-- DATA SUPPLIED follows --

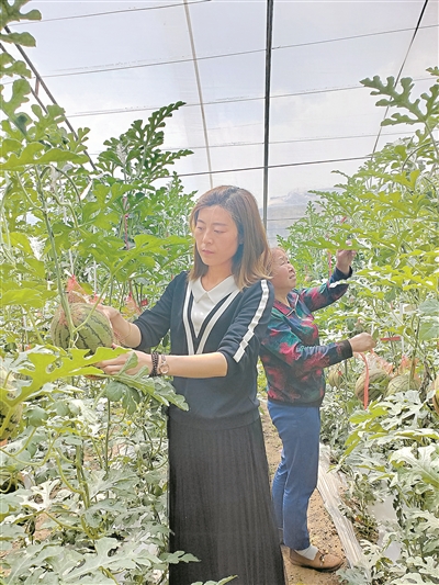 “陜西好人”郝艷(左)在果蔬大棚內(nèi)勞作。
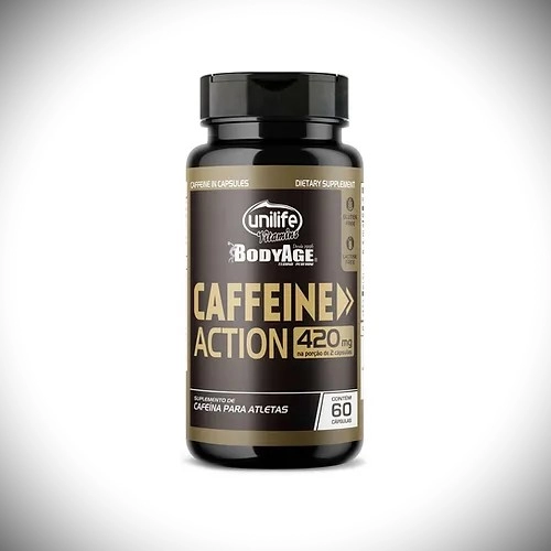 A Caffeine Action Unilife Vitamins é um suplemento BIOKOSHER, desenvolvido a partir de cafeína anidra e óleo de soja. A CAFEÍNA auxilia no aumento do estado de alerta e na melhora da concentração e no desempenho de exercícios físicos de resistência. Livre de glúten.
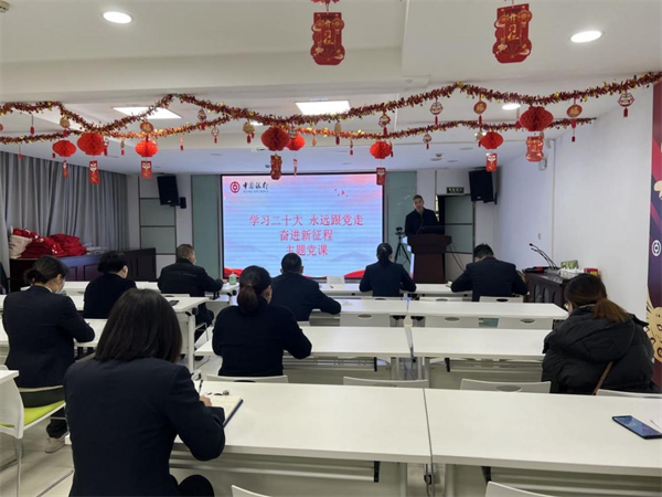 学习宣传贯彻党的二十大精神是当前和今后一个时期最重要的政治任务,中行丽水缙云支行根据上级党组织工作要求,迅速掀起学习热潮。 为把党的二十大精神学习宣传贯彻工作不断引向深处、落到实处,近日,缙云县支行党总支部书记、行长上官旭宾以《学习二十大 永远跟党走 奋进新征程》为题,为全体党员干部职工上了一堂生动的党课,并对上级行下发的重要文件、重点学习内容组织集中学习。
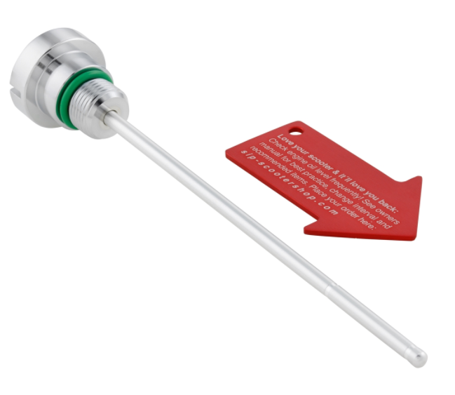 Die Öleinfüllschraube / Messstab SIP PORDOI für das Motoröl wird aus hochwertigem Aluminium CNC gefräst. Durch das schlichte Design sehen die Öleinfüllschrauben an jedem Fahrzeug schön aus und fügen sich gut in das Gesamtbild der Vespa ein. Am Messstab ist die Skala entsprechend der originalen Einfüllschrauben ausgerichtet, der passende Dichtring ist bereits angebracht. Oft werden die serienmäßigen Einfüllschrauben bei parkenden Fahrzeugen entwendet. Um Unbefugten die Arbeit zu erschweren, hat SIP an ein kleines Sicherheitsplus gedacht und liefert ein spezielles Montage-Tool mit den Einfüllschrauben welches praktischer Weise auch als Schlüsselanhänger genutzt werden kann.
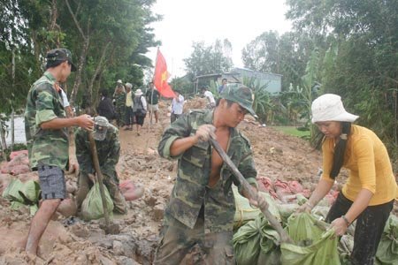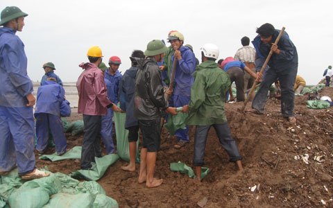 Để ứng phó với bão tràn vào và nước biển dâng cao, theo chỉ đạo của UBND tỉnh Nam Định, trong ngày hôm qua và ngày hôm nay huyện Nghĩa Hưng đã tập trung lực lượng để tiến hành quai đê đề phòng khi bão tới.
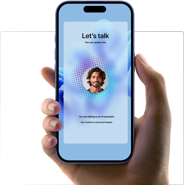 Respondents can start anytime it suits them. They simply speak — openly, effortlessly, in their own words. Our AI listens, understands, and intelligently structures their responses while automatically completing the survey in the background. No typing. No friction.
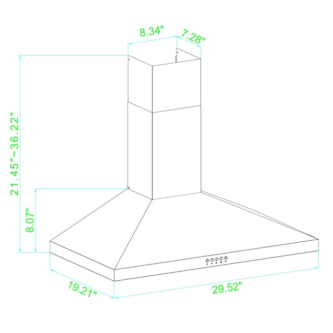 This 30 In. wall mounted range hood is constructed of premium 430 stainless steel. Complete with aluminum mesh filters that remove smoke and grease from your cooking area and are dishwasher safe. This model also comes with 2 bright energy saver LED lights, low noise level operation, 200 CFM air flow, push button, 3-level fan speed. All the components such as damper, mounting hardware, flexible duct work and damper are included for easy installation. Adjustable and telescoping chimney can fit 7.5-8.5 Ft. ceiling. This unit is convertible, can be vented out of your dwelling or recirculating (ductless) with charcoal filters (sold separately, part # WRHF003S2).
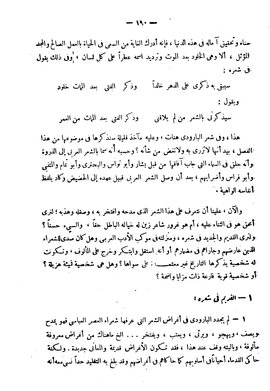 هذا، وفي شعر البارودي هنات، وعليه مآخذ قليلة, سنذكرها في موضعها من هذا الفصل، بيد أنها تزري به ولا تغض من شأنه؟ حسبه أنه سما بالشعر العربيّ إلى الذروة، وأنه حلَّق في السماء التي جاب آفاقها من قبل بشار وأبو نواس والبحتريّ وأبو تمام والمتنبي وأبو فراس وأضرابهم، بعد أن وصل الشعر العربيّ قبيل عهده إلى الحضيض, وكاد يلفظ أنفاسه الواهية.
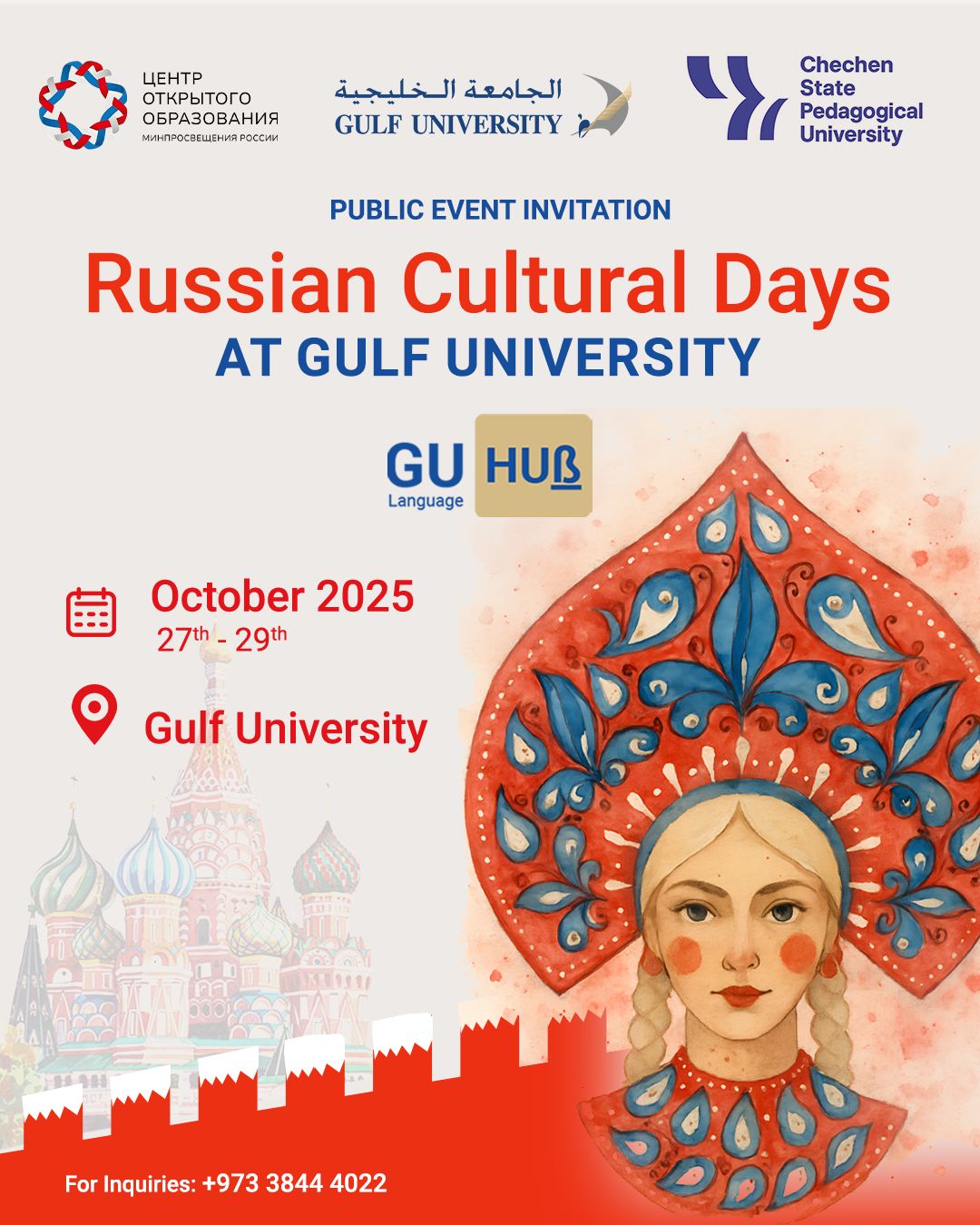 – ودعت الجامعة في هذا الصدد إلى اكتشاف جمال وعمق الثقافة الروسية والاحتفال بروح الصداقة والتعاون الثقافي في اجواء احتفائي بين شعبي البلدين البحرين وروسيا.
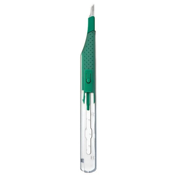 Перед использованием лезвие скальпеля выталкивается из прозрачного протектора с помощью толкающего механизма. После использования толкатель тянет лезвие назад до тех пор, пока предохранительный механизм на задней части рукоятки скальпеля не зафиксирует его на месте, что сделает невозможным повторное использование.
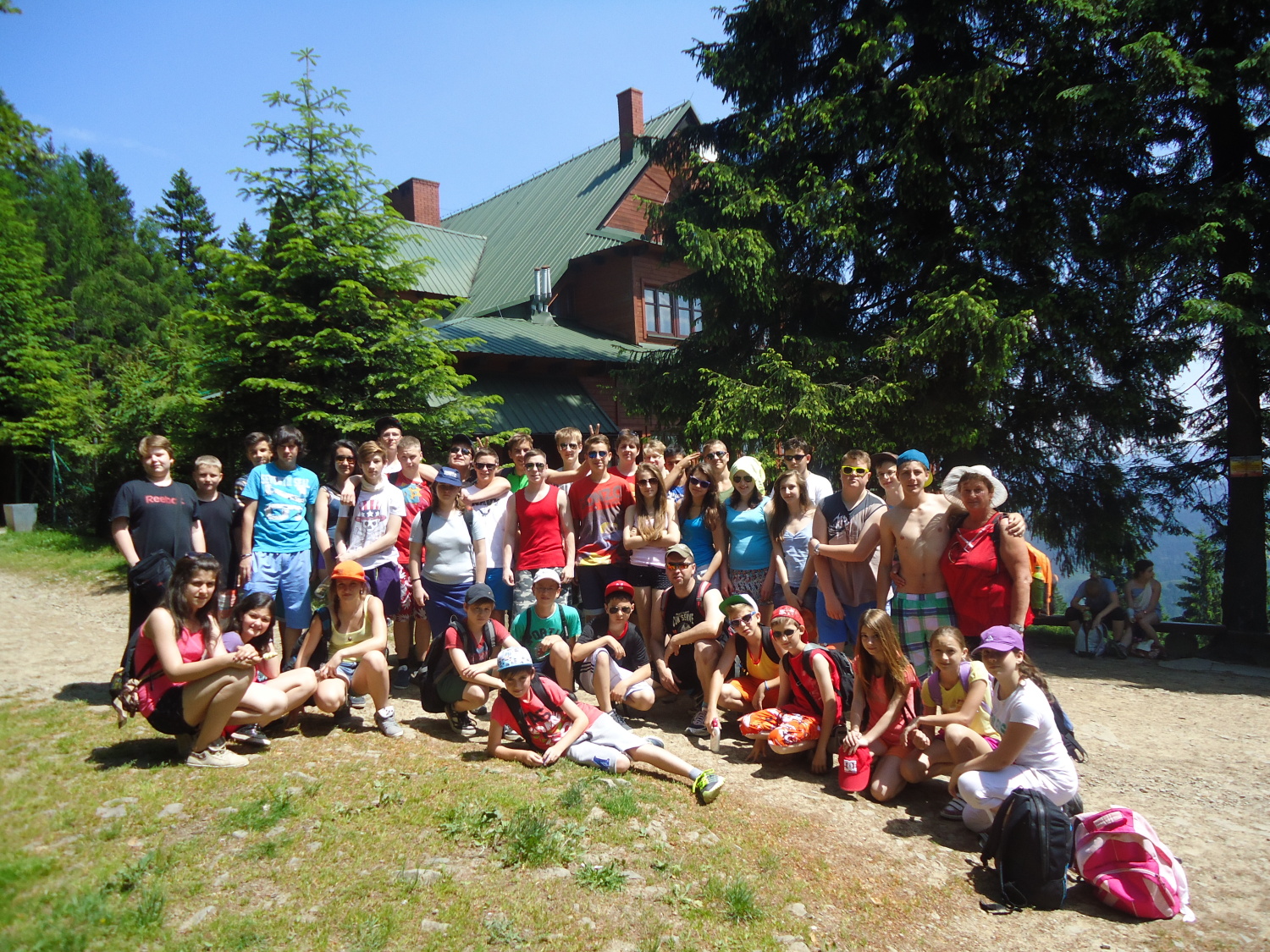 10.6.2014První noc už skončila, vyšlo sluníčko a začal náš druhý den na ozdravném pobytu. Počasí stejně krásné jako včera nás hned po snídani vylákalo na polodenní túru na Velký Stožek na polském území. Tam jsme si odpočinuli, posvačili, abychom nabrali síly na zpáteční cestu, která už nebyla tak vyčerpávající. Na chatě jsme se zbavili propoceného oblečení, provedli hygienu a po vynikajícím obědě jsme odpočívali. Odpoledne jsme si mohli vybrat ze širší nabídky aktivit. Někteří hráli stolní tenis, jiní skákali na trampolíně či si užívali v bazénu, v němž ostatně někteří skončili i nedobrovolně. Mnozí ,,účastníci zájezdu“ se zapojili do soutěže Skokan Hrádku, kterou vyhrál Tomáš Botur! Celý den uběhl neuvěřitelně rychle. Po večeři jsme si v blízkém lomu pod širákem sdělili dojmy z uplynulého dne, ale došlo i na bodování pokojů ( ne všichni měli skvělé výsledky). Večerní program s diskotékou připravily dívky z 9.A. Unaveni, ale spokojeni jsme tak uzavřeli druhý den našeho pobytu v Hrádku.
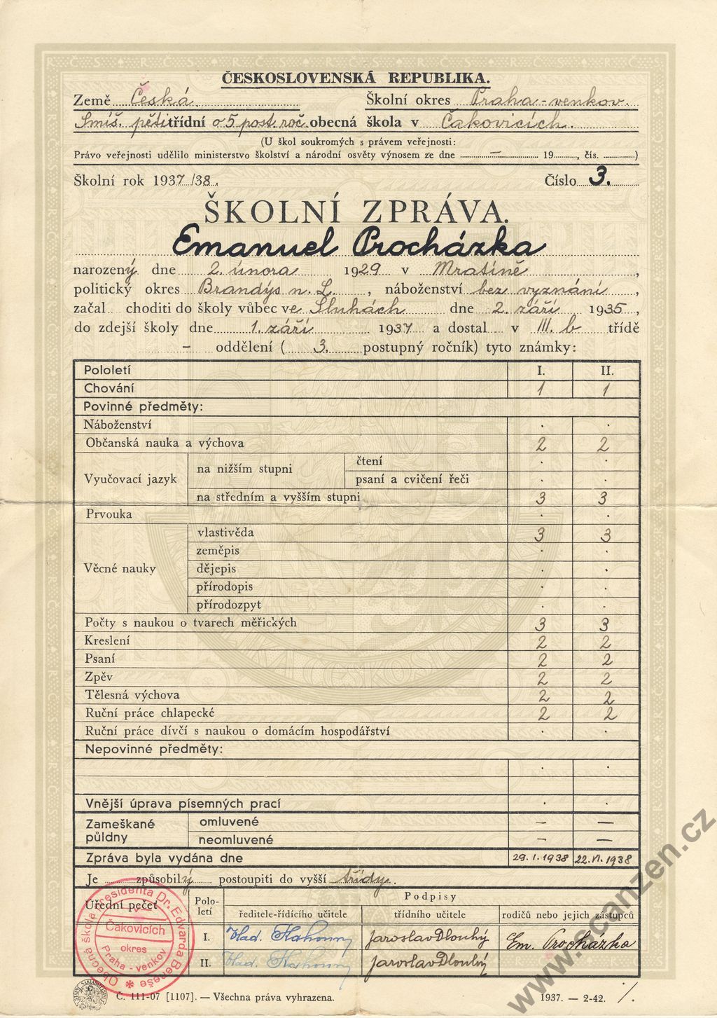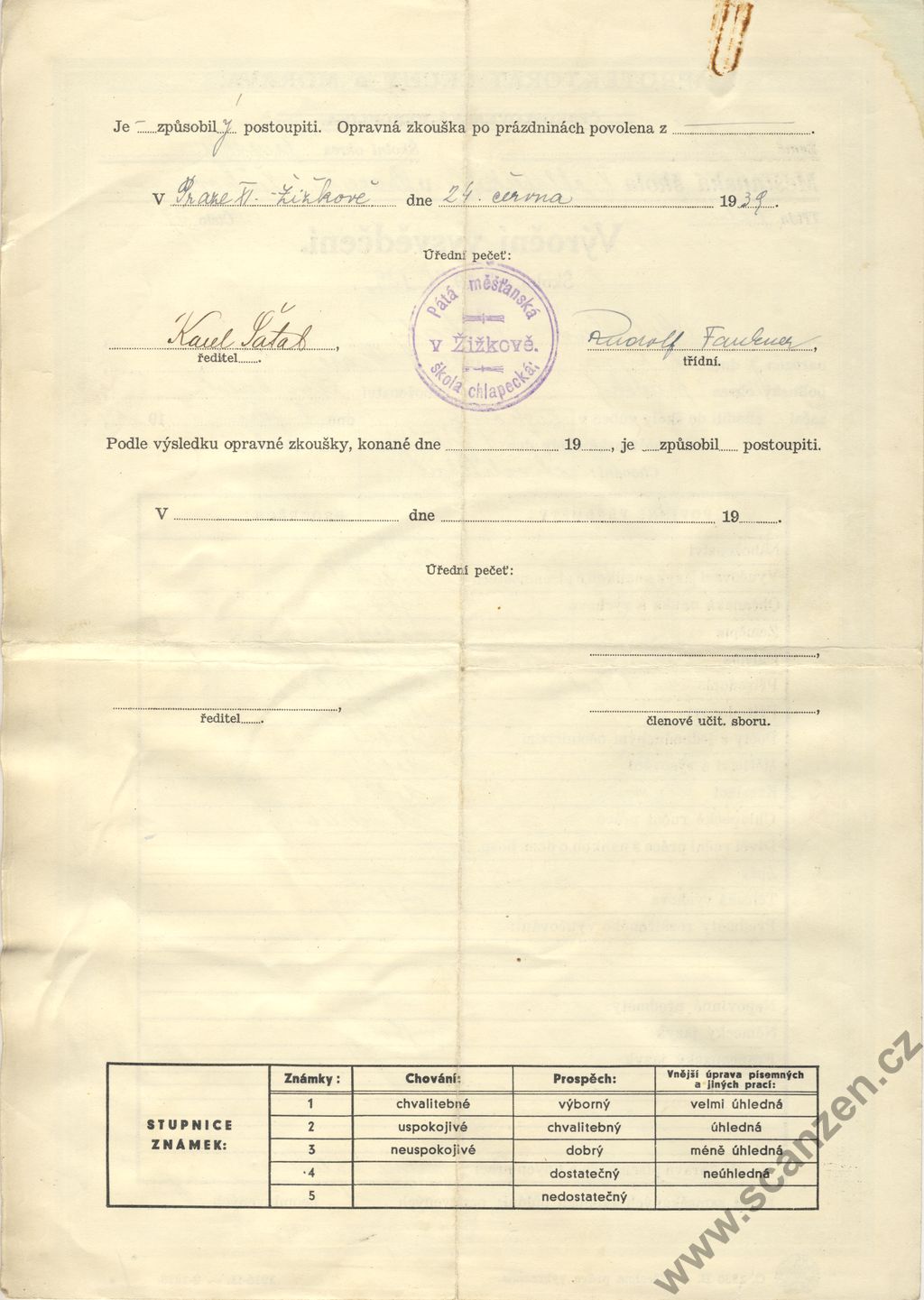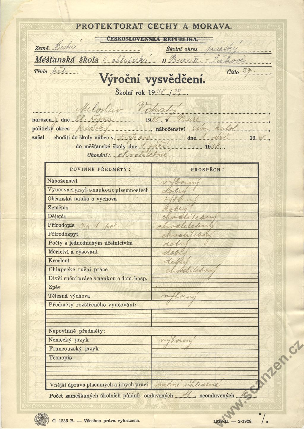 Výroční vysvědčení (1939) p1

-- DATA SUPPLIED concluded --

**WORK ORDER**:
After locating "البلدين البحرين وروسيا." and "Перед использованием лезвие" in the records above, return exactly the line holding each one and every line between them; leave out the pictures.

**TASK RESULT**:
 – ودعت الجامعة في هذا الصدد إلى اكتشاف جمال وعمق الثقافة الروسية والاحتفال بروح الصداقة والتعاون الثقافي في اجواء احتفائي بين شعبي البلدين البحرين وروسيا.
 Перед использованием лезвие скальпеля выталкивается из прозрачного протектора с помощью толкающего механизма. После использования толкатель тянет лезвие назад до тех пор, пока предохранительный механизм на задней части рукоятки скальпеля не зафиксирует его на месте, что сделает невозможным повторное использование.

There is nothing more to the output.